Fatih Demir/HAKSÖZ HABER
Al Jazeera’nin bildirdiğine göre Kübalı düzinelerce göçmen Yunanistan’dan zorla Türkiye’ye sınır dışı edildi. Sınır dışı edilen Kübalıların Türkiye'de ne yapacakları ise yasal bir belirsizlik taşıyor.
Al Jazeera ve insan hakları örgütleri tarafından yapılan görüşmelere göre, Avrupa'ya sığınma talebi için çabalayan en az 30 Kübalı, Yunanistan'dan Türkiye'ye zorla sınır dışı edildi.
Al Jazeera, Yunanistan'dan sınır dışı edilmeleri sırasında Yunan polis memurları ve sınırdaki görevlilerin sınır dışı ettikleri Kübalılara şiddet uyguladığını ifade eden iki Kübalı ile konuştu.
Sınırdışı edilen Kübalılar zorla kıyafetlerinin çıkarıldığını, dövüldüklerini, aç ve susuz alıkoyulduklarını, pasaport, para ve diğer kişisel eşyalarına el konduğunu, sığınma taleplerinin kaydedilmek istenmediğini ve sınır dışı süreci öncesinde ve sırasında zorla suya daldırıldıklarını söyledi.
Al Jazeera, bu iddiaları doğrulamak için STK'lar tarafından sahada çekilen sığınmacıların fotoğraflarını ve ifadelerini inceledi. Sınır dışı edilen bazı Kübalıların Küba konsolosluğuna ve Türkiye’deki ilgili makamlara zorla sınır dışı edilmeyi bildirmelerine rağmen hiçbir işlem yapılmadığı öğrenildi.
Kimlikleri veya yasal tazminatlara erişimleri olmayan Kübalılar Türkiye'de arafta kaldıklarını söylüyorlar.

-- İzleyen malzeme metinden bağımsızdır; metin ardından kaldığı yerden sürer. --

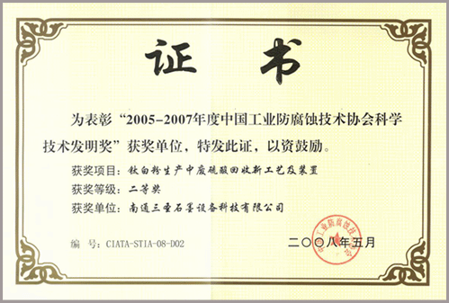 該技術(shù)通過了江蘇省科技廳科技成果鑒定,先后獲得:南通市人民政府科學(xué)技術(shù)進(jìn)步二等獎(jiǎng)、武漢市人民政府科學(xué)技術(shù)進(jìn)步二等獎(jiǎng)、中國工業(yè)防腐蝕技術(shù)協(xié)會科學(xué)技術(shù)發(fā)明二等獎(jiǎng)并在多家鈦白企業(yè)中得到了應(yīng)用。

İspanya’ya sığınma talebinde bulunmak için Yunanistan güzergâhını kullanan Joel, kendisi gibi göçmen olan Afganistan, Pakistan ve Suriye kökenli kişilerin bulunduğu Atina-Selanik otobüsünden zorla indirildiğini ve polis tarafından sığınmacıların bulunduğu bir merkeze götürüldüğünü burada polislere durumu anlatmaya çalıştığını, doktor olduğunu, İspanya’ya göç etmeye çalıştığını polislerin ise kendisine güldüğünü söyledi.

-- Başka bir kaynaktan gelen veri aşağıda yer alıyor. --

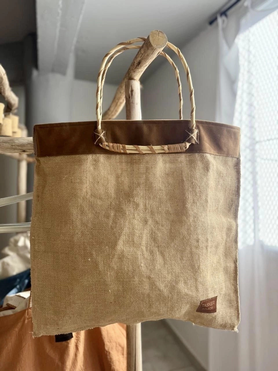 Bolso de arpillera combinado con gamuzón sintetico en la parte superior, forrado en tela de gasa, con bolsillo interno y detalles en hilo de yute. Las manijas son de mimbre rígidas, miden 50 cm libres.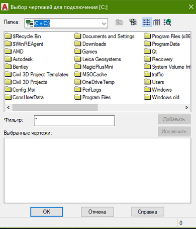 Сперва необходимо подключить чертежи (файлы), с которыми мы будем работать.

Joel, üç farklı gözaltı merkezine götürüldüklerini, zorla soyulduklarını, arandıklarını, dövüldüklerini, aç ve susuz olarak gözaltında tutulduklarını belirtti.

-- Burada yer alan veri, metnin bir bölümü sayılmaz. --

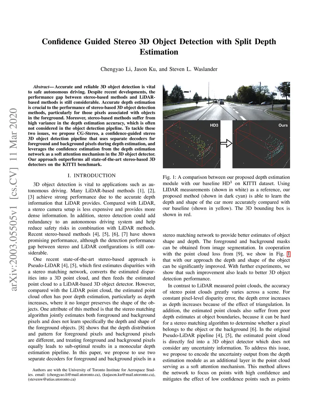 Confidence Guided Stereo 3D Object Detection with Split Depth Estimation

Geceyi gözaltında geçirdikten sonra, tüm grubun Türkiye sınırına yakın bir ormana sürüldüğünü söyleyen Joel, "Öldürülmek için götürüldüğümüzü sanıyordum." dedi.
Joel, Yunanistan ile Türkiye arasındaki sınırı belirleyen Meriç Nehri'ne vardıklarında bir subayın, oraya tamamen çıplak getirilen genç bir adamı alıp nehre sürüklediğini ve gencin kafasını suya batırdığını, diğer memurların çağırması ile işkencesine son verdiğini söyledi.
Küba uyruklu Joel, tutuklanması ve Türkiye'ye sınır dışı edilmesi sırasında Yunan subaylar tarafından dövüldüğünü söyledi.
Joel’in de bulunduğu sekiz kişilik grup, sivil giyimli memurların bulunduğu teknelere bindirilerek nehrin yarısına kadar götürüldü. Yunan memurlar tarafından Türkiye'ye kadar yüzmeleri söylenerek suya atıldılar.
Joel, Sınır Şiddeti İzleme Ağı'na (BVMN) verdiği ifadede, teknedeki memurların onlara, “Nehrin diğer tarafına geçtiğinizde özgürsünüz ve ışığa doğru yürüyerek en yakın köyü bulabilirsiniz” dediğini söyledi.
Joel’in bulunduğu grup haricinde farklı gruplara ve marklı ülkelerden olan insanlara aynı şeyin yıllardır yapıldığı ve Avrupa Birliği’nin bu konuda yaptırım uygulamaktan kaçındığı biliniyor.
Türkiye’de ne yapacaklarını bilmeden bekleyen göçmenlerin ise akıbetinin ne olacağı Türkiye’nin uluslararası çaba ve insafına bırakılıyor.